Who is Jirel?
Jirel are one of the 59 indigenous peoples in Nepal. They are the original inhabitants of Jiri and its adjoining villages in Dolkha district, the central region of Nepal. They have their own distinct language, culture, customs, rituals and lifestyles. They follow Buddhist religion, their priest is called Lama. They also worship Jhakri (shamans). Jhakri and Lamas are called pembo and phombo respectively. Their main occupation is agriculture in recent days they have also been involved in business. They either bury or cremate their dead on the recommendations of the Buddhist Lama. They are primarily settled down in Dolakha and Sindhupalchowk districts, alongside of Likhu, Khimti and Jirishiki rivers and in the valleys. They call themselves Jiripa, settled down densely in 12 or 13 villages, including Jhyaku, Paldung, Jiri, Sikri, Jugu of Tamakoshi and Khimtikhola region in particular.

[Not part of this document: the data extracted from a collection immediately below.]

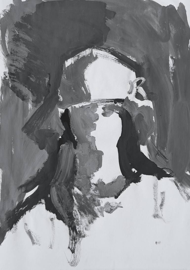 This is a self-portrait sketch. Gouashe on paper, framing needed.
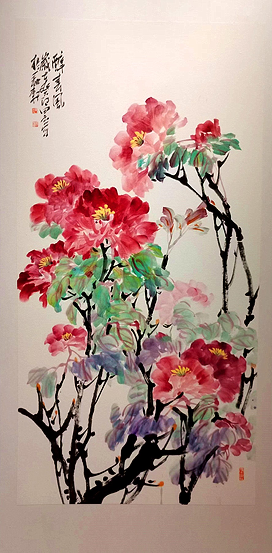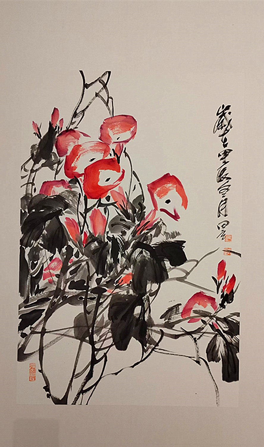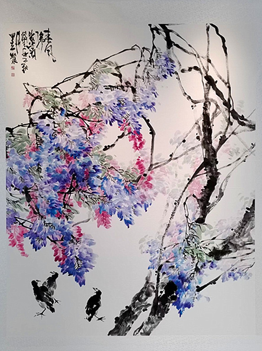 田立在出色完成美术教学义务的基础上,一直努力提升个人的美术素养,在美术方面取得了很大的成就。在他的作品中,牡丹清艳清媚,牵牛娇丽娇小,紫藤柔韧柔情,葵花热烈热辣。从夏的斑斓,秋的色彩,冬的沉静,到春的生机,皆在他的画笔下展现得淋漓尽致。此次展览的花鸟画都是他的精品之作。田立以花之繁郁歌人间芳华,以墨之葱茏摹时代气象,以笔之蓬勃画岁月生机,以心之热烈映丹青光芒。无论是牡丹之雍容端庄,梅花之老郁奇崛,还是紫藤之瘦骨崚嶒,青竹之静雅苍润,都写意着他的天然性情,展示着他的纯真意气。
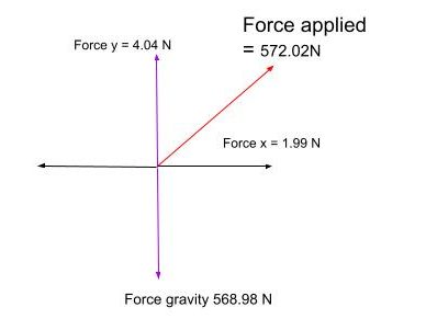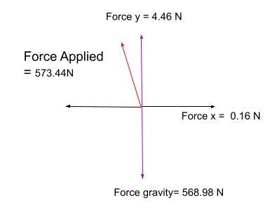 Force applied on arms and hands = √(573.02 N² + 1.99 N²) = 573.02 N
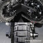 - 2002XJR1300に装着しました。オーリンスの正立フロントフォークで+純正アクスルシャフト周りで前後ともに問題なく装着できています。締め上げ座が線接触になるので緩みは気にかけた方が良いと思われます。自分はまだ1000kmですが緩みはありません。プロテクターとしての効果は未転倒ですので効果は不明です^_^
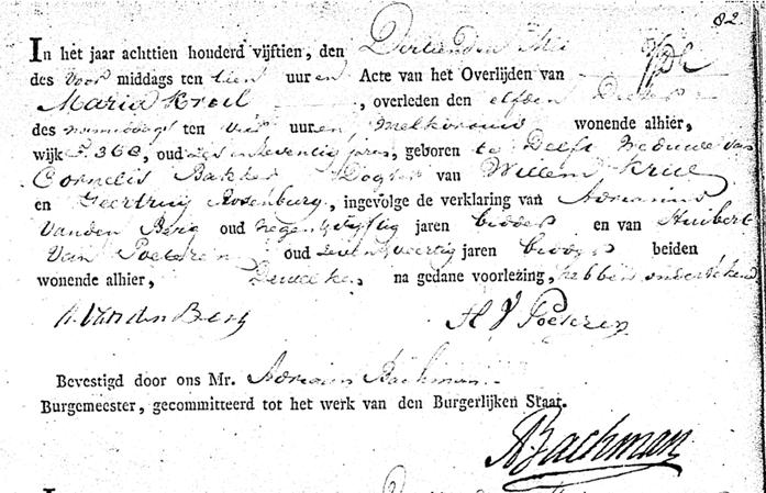 | -Doop | Boek 111 St.Jozephkerk Folio 95 | | -Aangifte overlijden | za 13 mei 1815; BS ’s Gravenhage, Akte 828 |
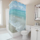 Imaginez une fuite privée d'île chaque matin avec ce rideau en douche pittoresque de vue d'océan de plage, sable blanc, eau bleue d'espace libre et ciel bleu ensoleillé font la scène parfaite de vacances de voyage avec des vagues se brisant sur le rivage.
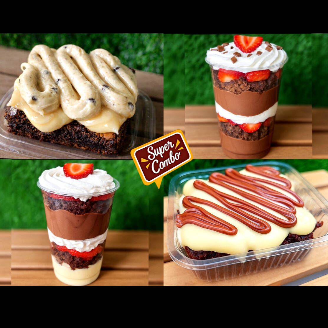 2 Camadas de brigadeiro cremoso de Ninho , pedaços de brownie, frutas e creme chantininho . ( Atencao : Nao Tiramos Ou Trocamos Ingredientes Do Copo )
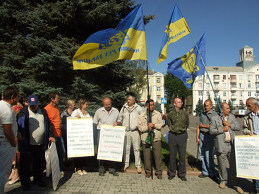 Перед началом сессии городского совета, на которой должен был рассматриваться проект решения о реализации в городе закона «Об основах языковой политики», у входа в исполком собралось около десятка человек под флагами партий «Собор» и РУХ.
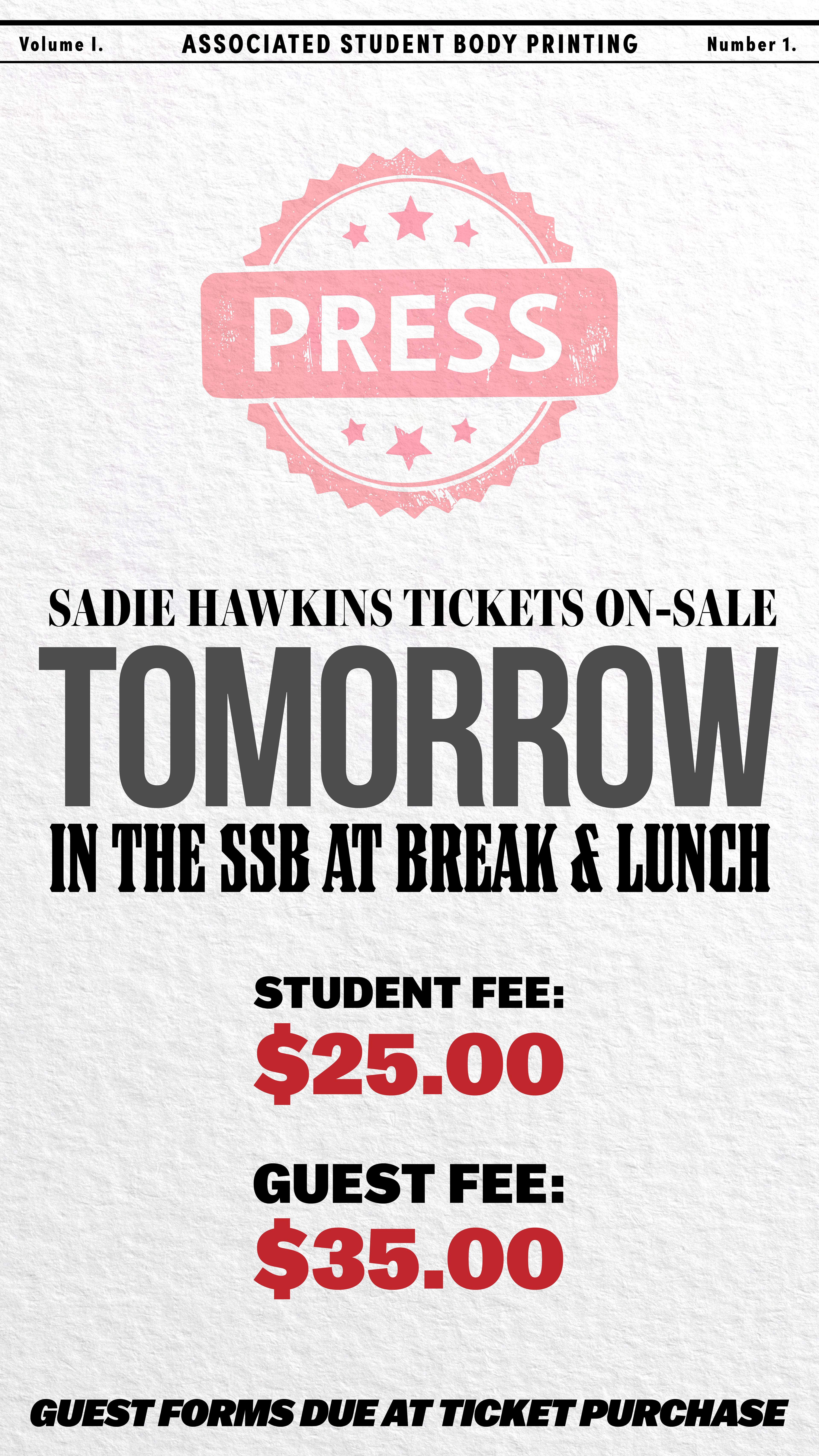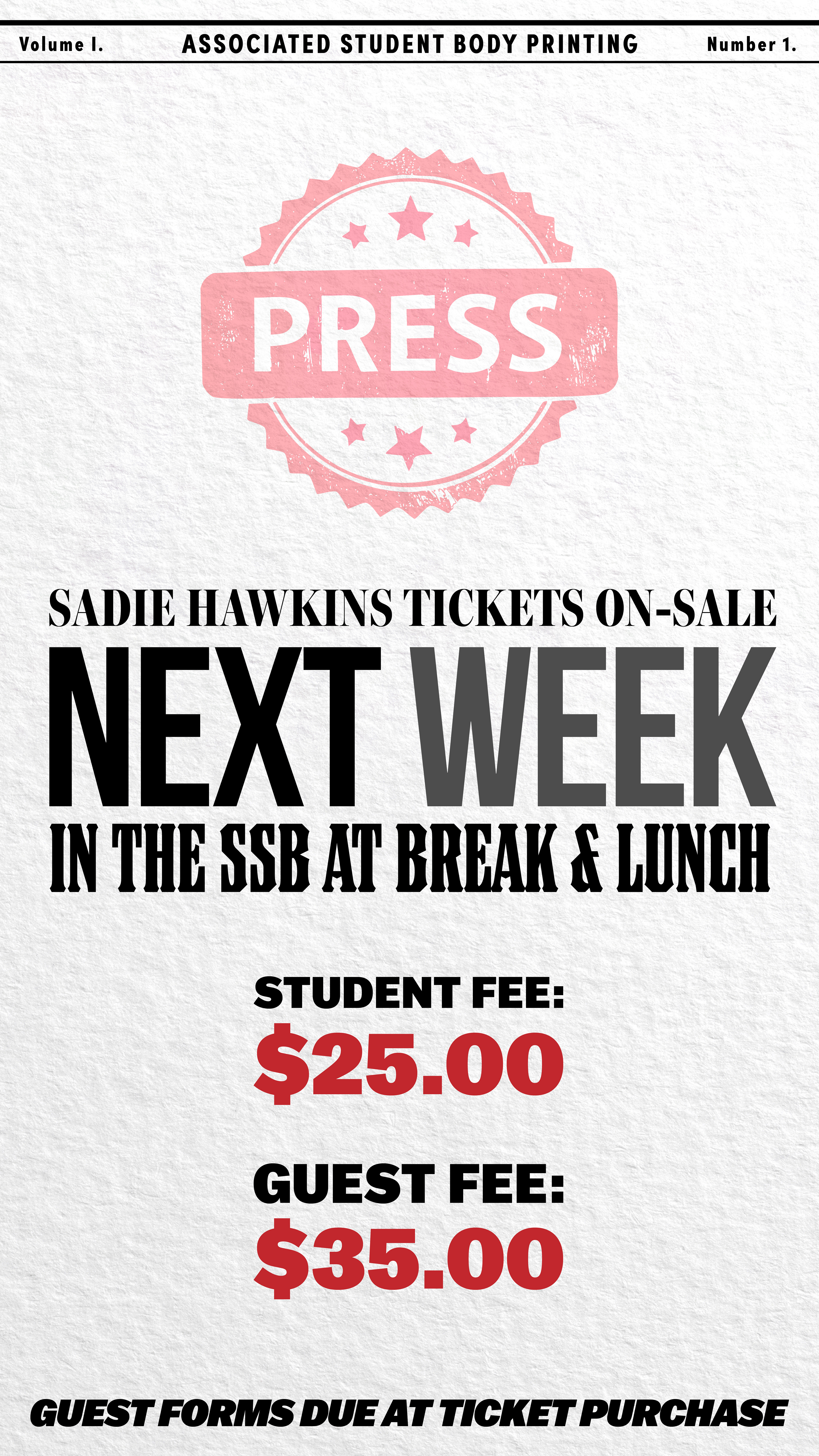 The process for creating the Sadie Hawkins Dance promotional design began with developing a storyline that connected directly to the theme. Members of the Associated Student Body (ASB) were photographed and featured as characters within the narrative, each playing a specific role that contributed to the Western newspaper concept. Their inclusion added personality, humor, and authenticity to the overall design.

The newborn baby is christened on the third or seventh day of its birth by Lama or Jhakris (a kind of shamans). The cereal-feeding ceremony is held for son and daughter in the seventh or third month respectively. Their marriage is officiated by shamans and Lama. The boys and girls get married in accordance with their own choice. The marriage becomes complete when the boy and the girl drink local beer from the same vessel, called tongba. Becuause of such a unique rituals and customs they are distinct indigenous communities in Nepal. The population of Jirel, according to 2011 Census, is 5,747. Jirels are found in small numbers in 63 districts of Nepal.
Jirels have their own mother tongue which is called ‘Jirel Bhasa’ belongs to Tibeto-Burman language family. This language is spoken by 95 percent of Jirel residing in Jiri, their original inhabitant. They have no scrip at all. Their language to a great extent resembles Sunuwar and Sherpa languages. According to latest national census 2011, as many as 4,829 jirel speak their mother tongue.